> DATA SECTION
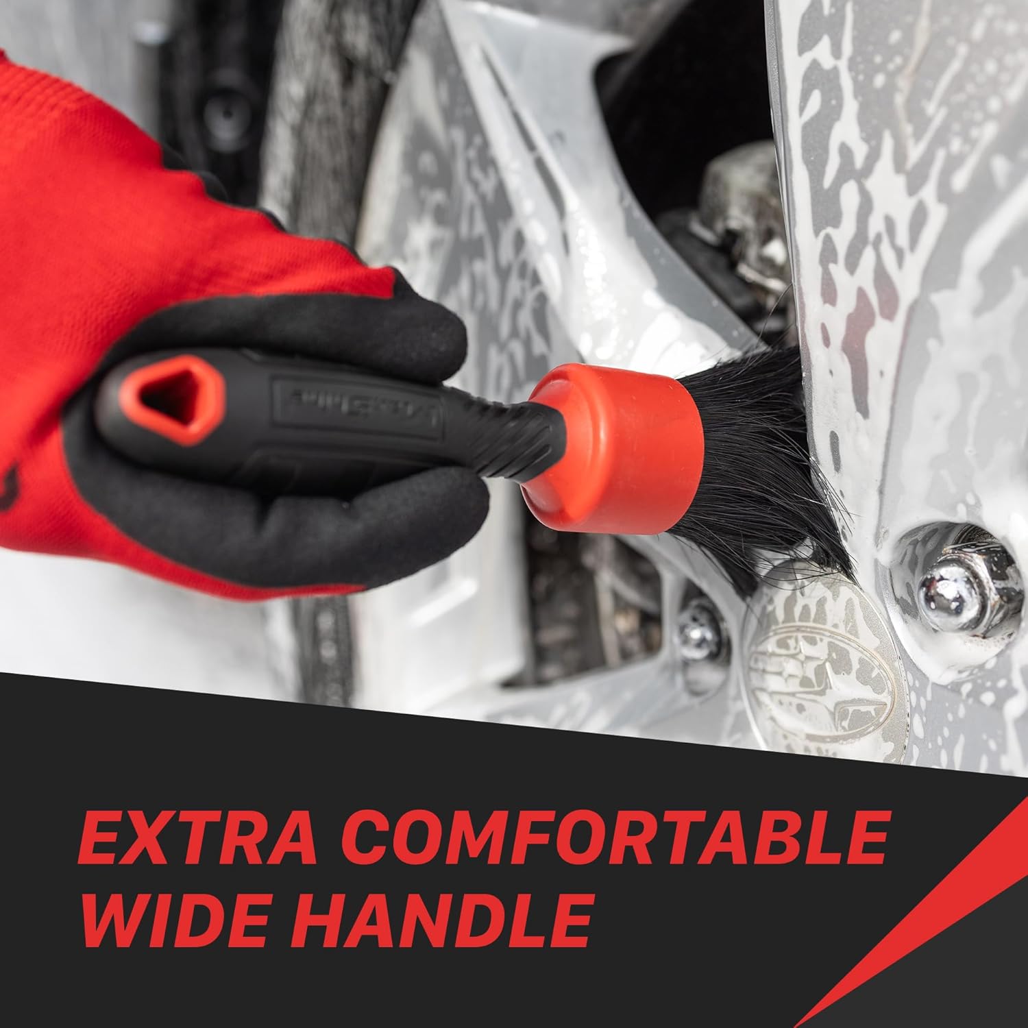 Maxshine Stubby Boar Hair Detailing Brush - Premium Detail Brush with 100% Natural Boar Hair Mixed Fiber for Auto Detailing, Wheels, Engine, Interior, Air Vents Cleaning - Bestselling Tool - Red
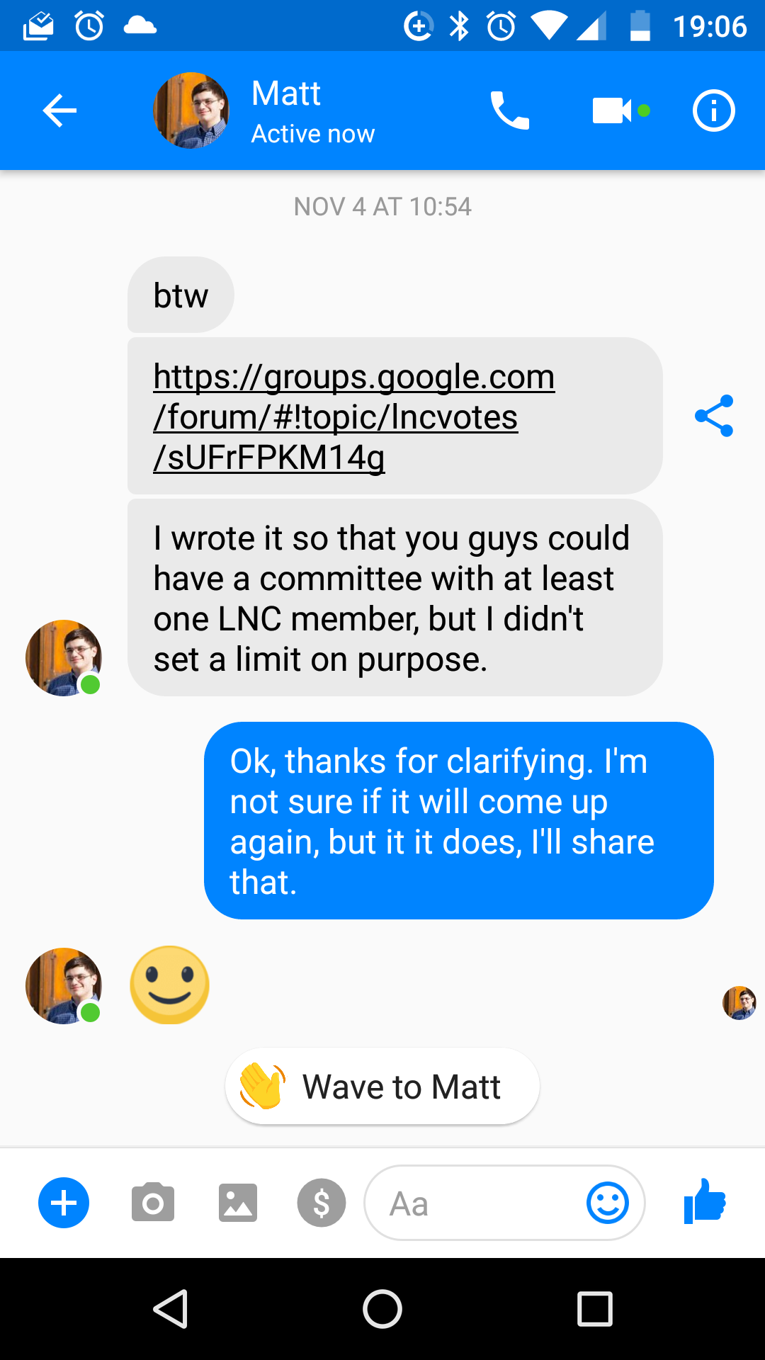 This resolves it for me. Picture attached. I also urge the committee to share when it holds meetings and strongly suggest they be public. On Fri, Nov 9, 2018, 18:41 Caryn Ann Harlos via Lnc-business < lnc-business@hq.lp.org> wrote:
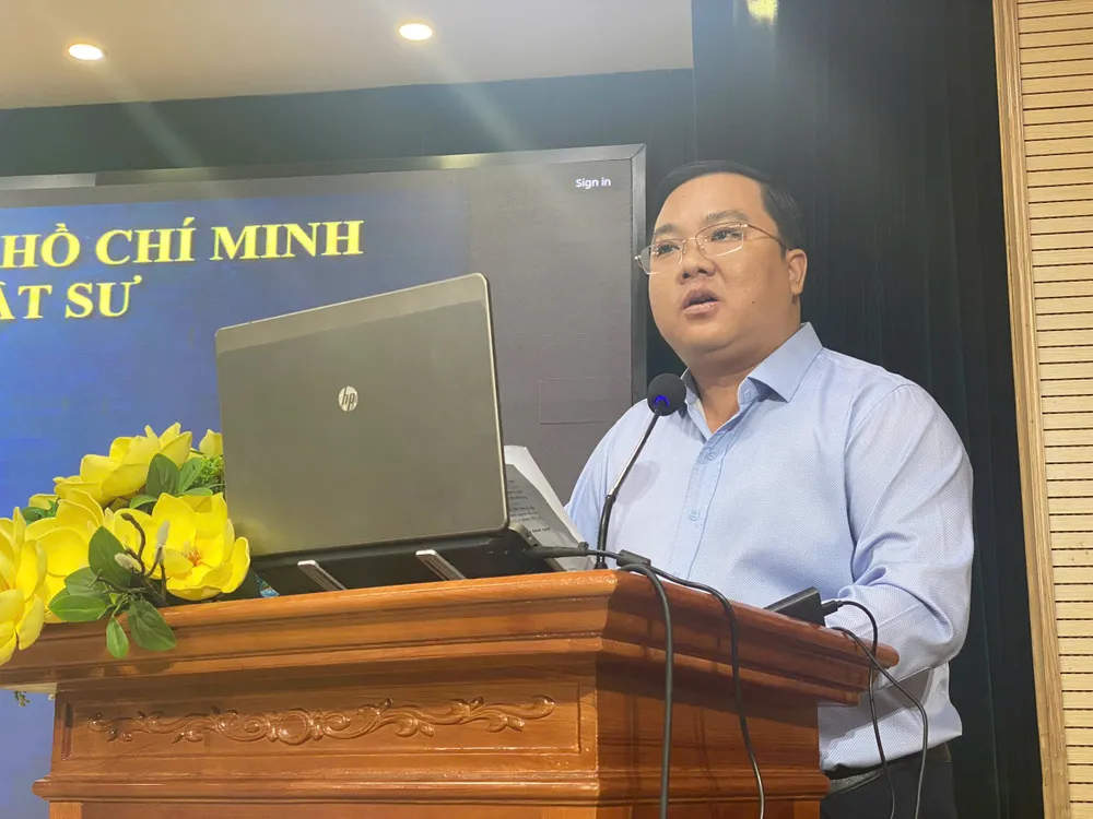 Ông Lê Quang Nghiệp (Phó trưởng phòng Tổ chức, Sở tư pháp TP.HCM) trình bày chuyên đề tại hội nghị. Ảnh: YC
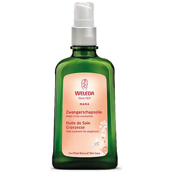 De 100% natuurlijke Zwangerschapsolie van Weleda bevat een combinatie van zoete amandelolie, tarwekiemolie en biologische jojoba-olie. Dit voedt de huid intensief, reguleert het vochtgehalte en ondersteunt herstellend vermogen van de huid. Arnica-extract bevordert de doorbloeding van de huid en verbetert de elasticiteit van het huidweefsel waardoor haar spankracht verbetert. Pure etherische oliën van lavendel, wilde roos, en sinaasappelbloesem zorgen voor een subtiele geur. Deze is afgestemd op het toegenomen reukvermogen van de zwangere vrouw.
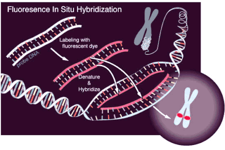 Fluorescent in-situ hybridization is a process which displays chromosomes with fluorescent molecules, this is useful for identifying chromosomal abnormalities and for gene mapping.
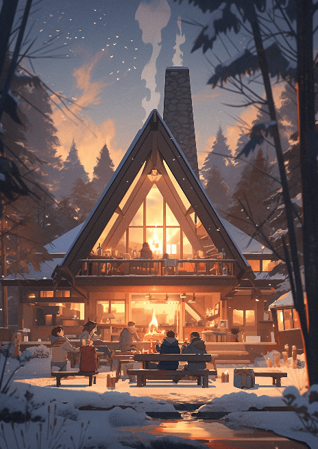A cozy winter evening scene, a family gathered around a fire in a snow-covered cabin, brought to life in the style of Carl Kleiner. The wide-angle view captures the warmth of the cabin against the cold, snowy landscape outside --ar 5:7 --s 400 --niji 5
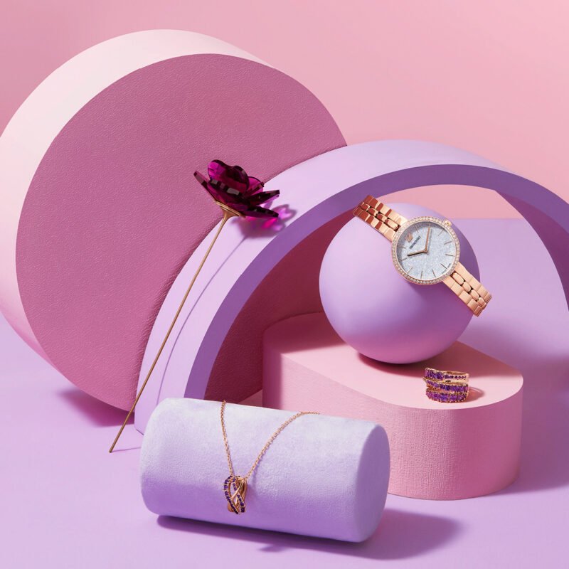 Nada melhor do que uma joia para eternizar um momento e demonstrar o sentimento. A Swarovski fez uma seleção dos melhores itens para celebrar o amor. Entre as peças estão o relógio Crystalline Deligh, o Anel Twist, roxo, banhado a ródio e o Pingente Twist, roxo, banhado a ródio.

> REQUIREMENT
Please print the lines above word for word, starting at the one with "This resolves it" and ending at the one with "Fluorescent in-situ hybridization", both included, and without any picture.

> SOLUTION FOR THIS PROBLEM
 This resolves it for me. Picture attached. I also urge the committee to share when it holds meetings and strongly suggest they be public. On Fri, Nov 9, 2018, 18:41 Caryn Ann Harlos via Lnc-business < lnc-business@hq.lp.org> wrote:
 Ông Lê Quang Nghiệp (Phó trưởng phòng Tổ chức, Sở tư pháp TP.HCM) trình bày chuyên đề tại hội nghị. Ảnh: YC
 De 100% natuurlijke Zwangerschapsolie van Weleda bevat een combinatie van zoete amandelolie, tarwekiemolie en biologische jojoba-olie. Dit voedt de huid intensief, reguleert het vochtgehalte en ondersteunt herstellend vermogen van de huid. Arnica-extract bevordert de doorbloeding van de huid en verbetert de elasticiteit van het huidweefsel waardoor haar spankracht verbetert. Pure etherische oliën van lavendel, wilde roos, en sinaasappelbloesem zorgen voor een subtiele geur. Deze is afgestemd op het toegenomen reukvermogen van de zwangere vrouw.
 Fluorescent in-situ hybridization is a process which displays chromosomes with fluorescent molecules, this is useful for identifying chromosomal abnormalities and for gene mapping.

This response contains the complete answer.